🤖 AI Summary
This work addresses the challenge of transferring dexterous manipulation skills across heterogeneous robotic hands in imitation learning, where reliance on 2D observations and temporally ordered action representations hinders generalization. To overcome this limitation, the authors propose the Structured Action Transformer (SAT), which takes 3D point clouds as input and models actions as unordered, variable-length sets of joint trajectories. SAT introduces an embodied joint codebook that encodes functional and kinematic properties of joints, and employs a continuous-time flow matching objective for policy learning. By departing from conventional sequential action modeling and leveraging the Transformer architecture with large-scale pretraining on heterogeneous data, SAT significantly improves sample efficiency and cross-embodiment skill transfer in both simulated and real-world tasks.
📝 Abstract
Achieving human-level dexterity in robots via imitation learning from heterogeneous datasets is hindered by the challenge of cross-embodiment skill transfer, particularly for high-DoF robotic hands. Existing methods, often relying on 2D observations and temporal-centric action representation, struggle to capture 3D spatial relations and fail to handle embodiment heterogeneity.
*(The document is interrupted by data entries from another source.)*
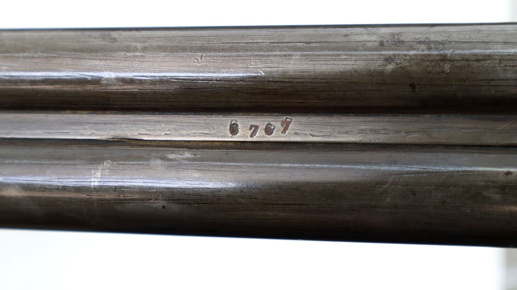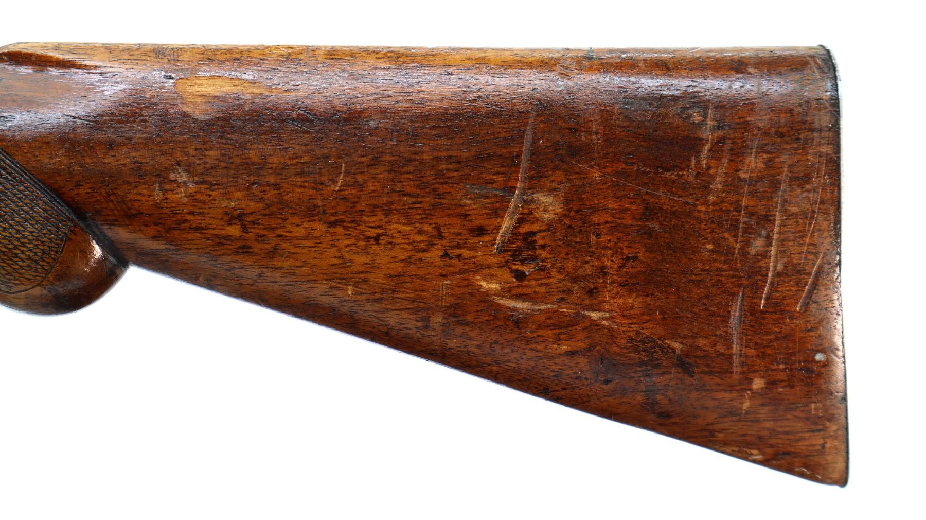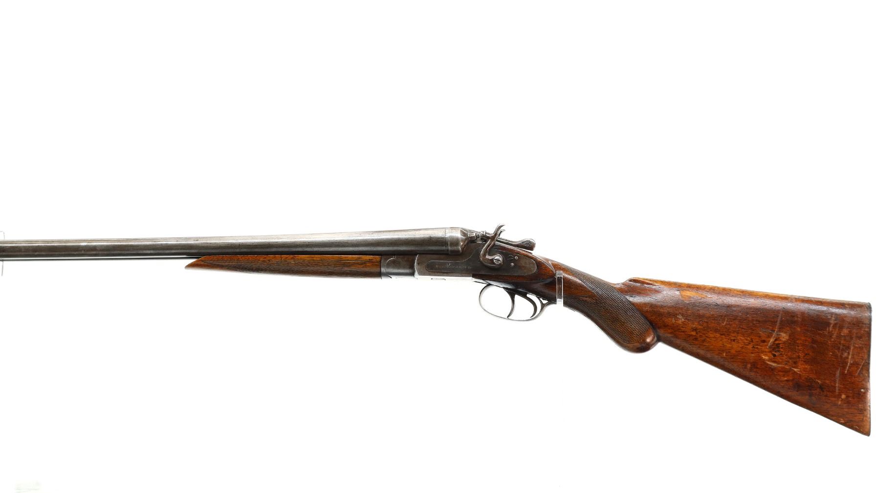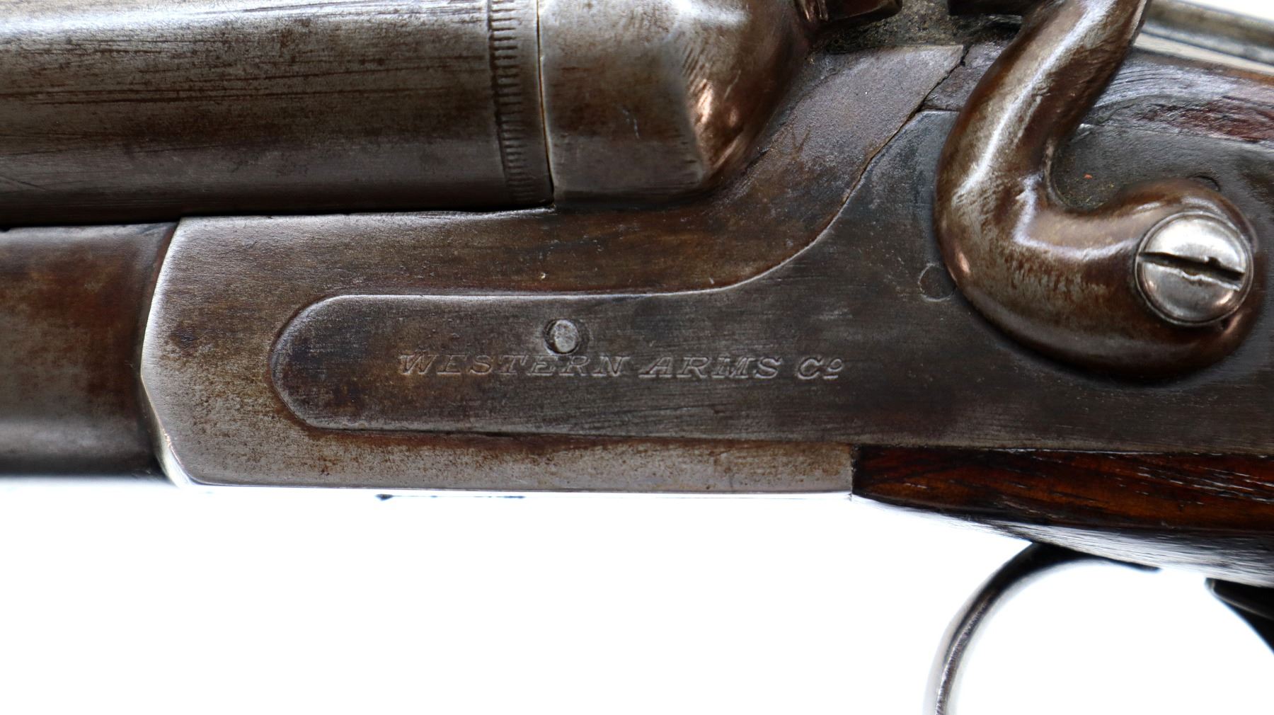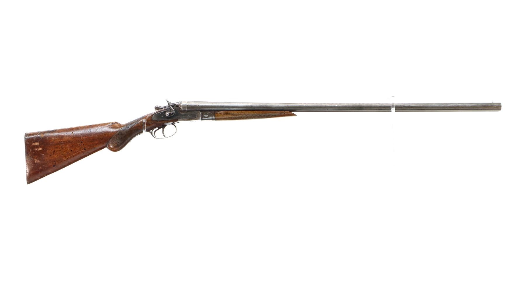 Main Description: Brass bead, Government twist barrels with smooth rib that are loose on face, side locks with checkered spur hammers that function, extractor, double triggers. Two piece wood stocks, checkered forearm and pistol grip chipped and cracked behind receiver and locks, grooved steel butt plate.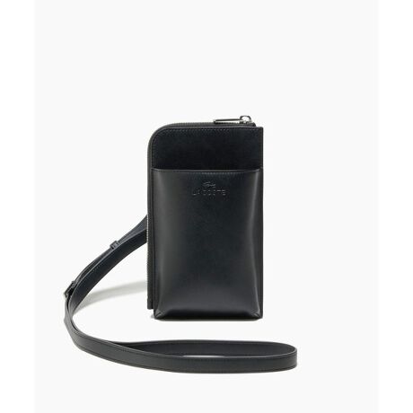 [型番:NF1720KP]多機能な収納力をスマートに持ち歩けるショルダースマホポーチ・軽やかで滑らかなPUレザー・フロントにスマートフォン用のスリットポケットを配置・立体的なワニロゴ&ブランドネームロゴ・ジップコンパートメント内にカードスロットとジップコインポケット付き・バックパネルにもスリットポケット付き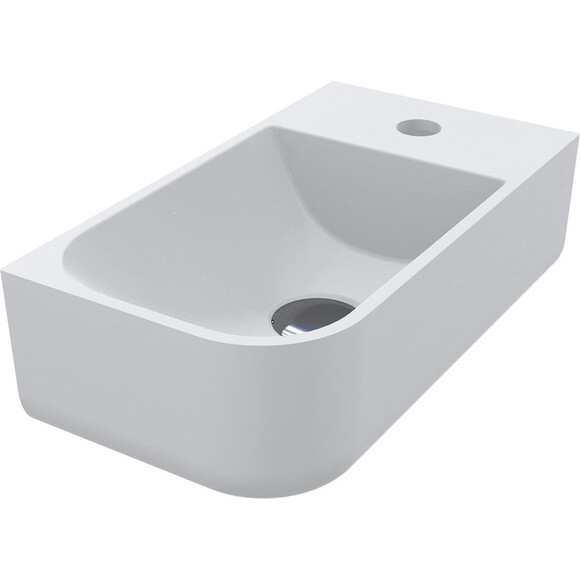 Компактний матовий умивальник із литого мармуру KO L – ідеальний варіант для маленької ванної кімнати. Незважаючи на невеликий розмір, містка чаша та закруглений зовнішній кут забезпечують функціональність та елегантність моделі. Має підвісний чи накладний тип монтажу.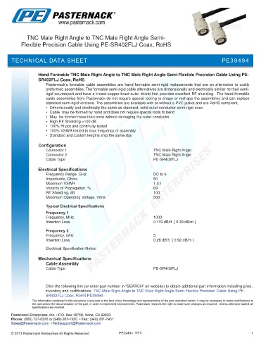inventory and certifications: TNC Male Right Angle to TNC Male Right Angle Semi-Flexible Precision Cable Using PE-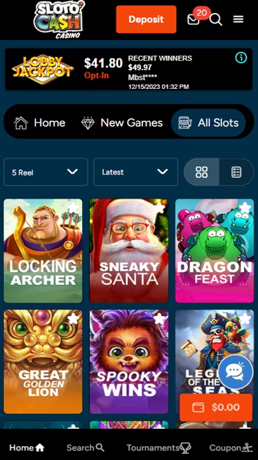 تتوفر العشرات من ألعاب السلوتس في Sloto' Cash، مع مكتبة RTG الكاملة في الكازينو. تتراوح الألعاب من السلوتس التقليدية إلى ألعاب الفيديو الحديثة التي قد تتضمن جوائز كبرى متزايدة وجوائز نقدية كبيرة.

This paper proposes the Structural Action Transformer (SAT), a new 3D dexterous manipulation policy that challenges this paradigm by introducing a structural-centric perspective. We reframe each action chunk not as a temporal sequence, but as a variable-length, unordered sequence of joint-wise trajectories. This structural formulation allows a Transformer to natively handle heterogeneous embodiments, treating the joint count as a variable sequence length. To encode structural priors and resolve ambiguity, we introduce an Embodied Joint Codebook that embeds each joint's functional role and kinematic properties. Our model learns to generate these trajectories from 3D point clouds via a continuous-time flow matching objective. We validate our approach by pre-training on large-scale heterogeneous datasets and fine-tuning on simulation and real-world dexterous manipulation tasks. Our method consistently outperforms all baselines, demonstrating superior sample efficiency and effective cross-embodiment skill transfer. This structural-centric representation offers a new path toward scaling policies for high-DoF, heterogeneous manipulators.